Various original designs were proposed and developed for the permanent magnet quadrupole to provide a variable gradient:

- A double Halbach ring structure of type (
**IV**) was fabricated at Kyoto U. / SLAC collaboration for a final focus in a linear collider. The system consists of an inner hybrid ring with 8 sectors Halbach system and the outer ring being a pure 12-magnet Halbach structure rotating around the first one resulting in gradient variation from 17 T/m up to 120 T/m for a 230 mm magnetic length and 10 mm bore radius [45]. - A super hybrid quadrupole combining permanent magnetic material, coils and soft magnetic material has been built (see Figure 10) and tested for the new Brazilian Synchrotron Light Source (Sirius) [46]. The system has a bore radius of 27.5 mm and a magnetic length of 288 mm providing a maximum gradient of 28 T/m with a 30% tunability.
- An adjustable strength PM system has been built and tested, in collaboration between SLAC and Fermilab, for the Next Linear Collider. The system is based on four PM blocks and four soft iron poles of type (
**VI**), with the possibility to retract linearly the permanent magnet blocks enabling an integrated gradient variation between 7 T and 68.7 T (gradient between 13 T/m and 115 T/m) for a 6.5 mm bore radius [47]. - A modified the 12-sector Halbach design composed of eight magnets and four poles surrounded by air-cooled electromagnetic coils as presented in Figure 11 has been proposed in the framework of CLIC/CERN collaboration [48]. The bore radius is 4.125 mm with a magnetic length of 300 mm achieving a maximum gradient of 610 T/m with 20% tunability.
- Two variable systems have been built in a collaboration of STFC Daresbury Laboratory and CERN for the Compact LInear Collider (CLIC) project [49,50] with an objective to collide electron-positron at an energy of 3 TeV. The first design, shown in Figure 12-left, provides a gradient from 15 to 60.4 T/m with a magnetic length of 241 mm. The second design, shown in Figure 12-right, provides a gradient from 2.9 to 43.8 T/m with a magnetic length of 194 mm length. The strength is adjusted by moving the PMs vertically away from the center, and by creating an air gap the gradient is reduced.
- Two variable quadrupoles are proposed for an interdigital H-mode drift tube linear accelerator using KONUS beam dynamics [51]: The first using an external adjustable electromagnets as shown in Figure 13-(left), with a bore radius of 12.5 mm providing a gradient from 50 to 100 T/m. The second using internal adjustable permanent magnets as shown in Figure 13-(right) that is similar to type (IV) but with additional number of segmented magnets. For a bore radius of 12.5 mm, the achieved gradient can be varied from 50 to 102 T/m.
- Seven systems (QUAPEVA) of type (
**V**) have been built in collaboration between SOLEIL and SigmaPhi [52,53] for the COXINEL project with an objective of FEL amplification using an LPA source. The QUAPEVA cosists of Nd${}_{2}$Fe${}_{14}$B magnets and permendur poles achieving a maximum gradient of 202 T/m and 45% tunability. The systems have a bore radius of 6 mm but with different magnetic lengths. Figure 14 presents the three particular configurations of the tuning magnets. The maximum and minimum gradient are obtained by orienting the tuning magnets easy axis towards the central magnetic poles. In these cases, the magnetic flux is either added (Figure 14a) or removed (Figure 14c) from the central poles. The average gradient is achieved when the tuning magnets are in the reference position, i.e. their easy axis is perpendicular to the central magnetic poles (Figure 14b). The QUAPEVAs are supported by translation tables (horizontal and vertical displacement) used to compensate any residual magnetic axis shift when varying the gradient, to perform electron beam based alignment [54,55]. The resulting mechanical design is shown in Figure 15 (left), also an assembled QUAPEVA on the translation table in Figure 15 (right).
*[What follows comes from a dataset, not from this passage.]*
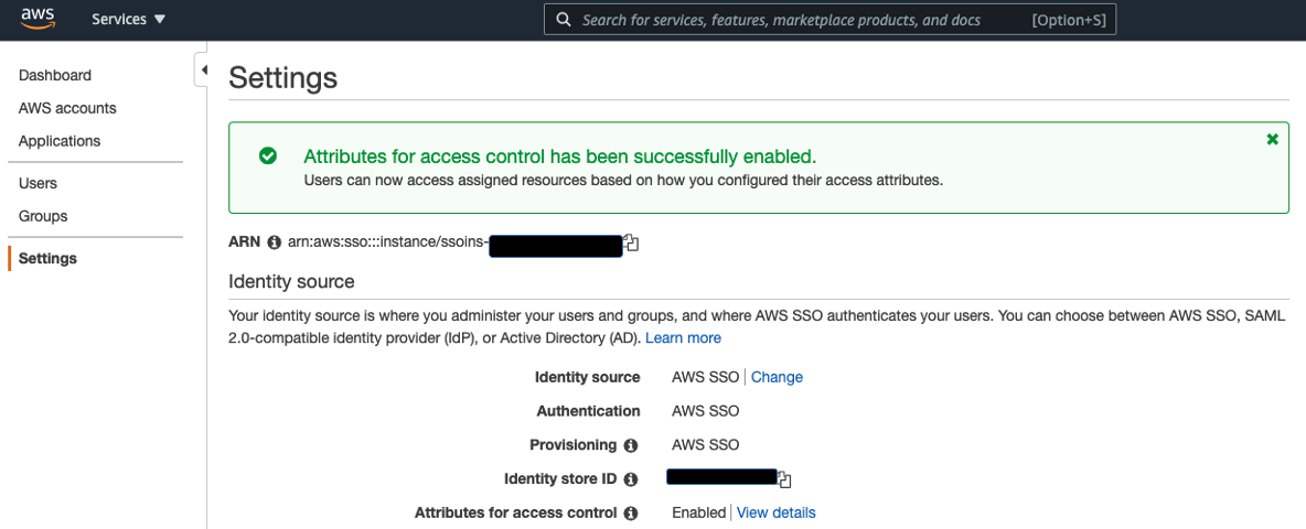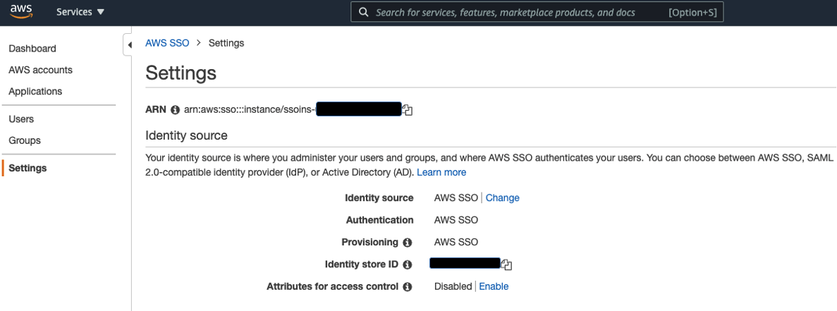 - On the AWS SSO console, choose Settings in the navigation pane.

The QUAPEVAs are characterized using the stretched wire measurement, in which the multipoles are determined at a radius of 4 mm that corresponds to the good field region. The stretched-wire bench [56] has been used for magnetic field integral measurements.
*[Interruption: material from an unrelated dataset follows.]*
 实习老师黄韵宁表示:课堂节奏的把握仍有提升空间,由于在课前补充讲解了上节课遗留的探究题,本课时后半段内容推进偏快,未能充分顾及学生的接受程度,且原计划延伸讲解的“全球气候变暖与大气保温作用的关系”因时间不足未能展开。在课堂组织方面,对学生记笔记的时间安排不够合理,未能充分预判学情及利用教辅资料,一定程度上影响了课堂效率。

Table 2 presents the maximum gradient for the seven systems (QUAPEVAs) measured with the stretched wire. The difference with respect to the simulations reduces for longer magnetic length due to an insufficient number of mesh in the longitudinal axis that is time consuming.

Table 3 compares the measured and simulated multipoles for the QUAPEVA of magnetic length 100 mm. The dipolar term (b${}_{1}$) in the simulation is not equal to zero due to computational errors, and the one measured is probably due to a slight orientation of one of the cylindrical magnets or the precision of the bench. The discrepancy with respect to simulations increases for multipoles with weaker signal.

The models presented previously are summarized in Table 4 with their acheivable gradient and tunability. Other characterizations of a quadrupole are the systematic multipoles (b${}_{6}$, b${}_{10}$, b${}_{14}$, …) that derive from the structure geometry and the non-systematic multipoles that emerge from magnets/poles impurities or mechanical errors. The beam quality can quickly deteriorate if these terms are not kept low; however their effect highly depends on the beam size in the quadrupole aperture and the gradient homogeneity also known as good field region. In the case of the LPA, the specifications in terms of multipoles are less stringent than a recirculating acclerator, typically by one order of magnitude. On the other hand, the gradient tuneability should be larger.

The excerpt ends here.